The train was slowing, but the front engine was still being pushed liked a reluctant child toward the severed end of the bridge. With a horrific crunch it broke through the girders and rail twisted like a turnstile above the river. There was a grinding, screeching of metal on jagged metal and for an eerie second it grew quiet.
Down the line people were leaping frantically from doorways. A few canvass bags and suitcases flew out, but mostly a frenzied stream of bodies tumbled onto the seedlings of the newly planted field. Mothers yelled for children, husbands for wives, and then an explosion of water erupted like a geyser behind me. Echoes rumbled through the ravine. The lead engine and its companion had dropped like enormous toys and jack-knifed into the water. But they weren’t toys, they were masses of iron and alloy with a single purpose—to pull themselves and the humans behind them smoothly along the track, and as if that was a fixed task, a mission they couldn’t ignore, they tugged just enough in their fall for the two baggage cars to come to the edge . . . and tumble into the gorge. But like rigid sticks, the freight cars didn’t drop onto the engines now filling with river water; they dropped into the mud at the edge of the current. Fortune, or fate, or maybe one of Sahr’s constellations, snapped the coupling between the freight cars and the first-class passenger cars. They were tumbling in twos. The momentum drew the first-class cars past me and out onto the bridge. In an act of futile instinct, I reached out a hand to try to stop thousands of tons of steel. Inside the second car I saw figures piled in the rear—human silhouettes against the windows. Then Jitka rolled out the door with her backpack onto the field. Uli will be next, I thought with relief. But she wasn’t. A Hindu in black slacks and blue shirt stepped of the top step and fell like a sack of rice. The cars slid past me like unstoppable beasts.

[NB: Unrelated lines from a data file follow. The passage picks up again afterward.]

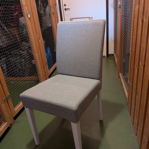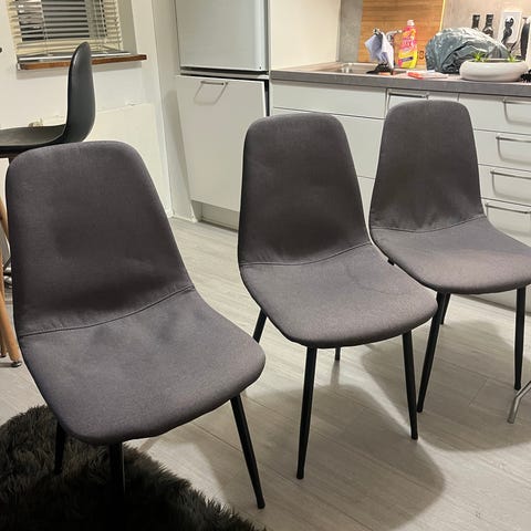 Erittäin tukevat ruokapöydän tuolit. Harmaata keinonahkaa. Tuolien pinta on rikkoutunut (lähikuvat), yleisilme kuitenkin siisti. Hinta yhteensä 40€.
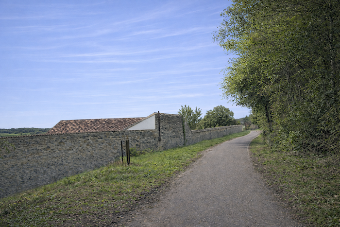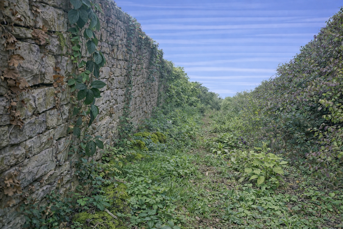 Soon, the path approaches a vast wine estate enclosed by high dry-stone walls. The enclosure commands respect, like a fortress devoted to wine. The path continues humbly along the wall, through grass and untamed vegetation, brushing the edge of the woodland.
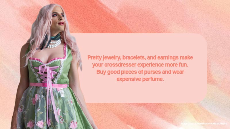 Pretty jewelry, bracelets, and earnings make your crossdresser experience more fun. Buy good pieces of purses and wear expensive perfume.
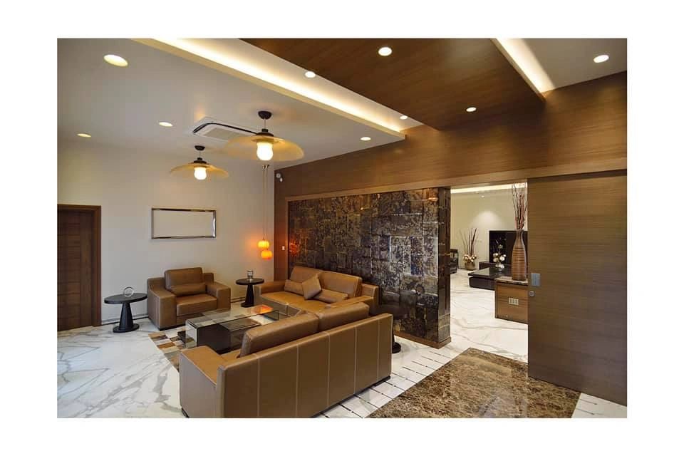The floor further opens up to a portico that is divided into a gym and a lawn. The gym has a false ceiling and cylindrical lighting fixtures which is rather unique in design and concept. Overlooking the gym is the lawn that also doubles up as a cocktail party area.

She must have jumped out the opposite door. I ran to Jitka and lifted to her feet by the frame of her pack. She was shaking visibly.
“Where is she?” I screamed.
“I don’t know, Bhim.” She slumped to her knees. “She didn’t come back.”
I started to ask what she meant, but the front compartment rolled persistently to the edge, and with a deafening screech, the front wheels clicked off the tracks into empty space. For an instant, I thought it would come to rest on that flimsy fulcrum. Inside the compartment someone screamed, and as if the mere vibration of that sound tilted the weight, the box twisted slowly and dropped over the precipice. The shift jerked the second car and the entire length of the train slid forward again. Uli! My mind screamed frantically. It was our first-class compartment, and it slid across the jagged edge, twisted on the same slow axis, and snapped away from the others with a crack of splintered steel. It fell forty feet, slid down the embankment to crush the corner of one of the cars below. It spun a hundred and eighty degrees and came to rest in the water at the river’s edge. The current swirled angrily through the barred windows of the lower half.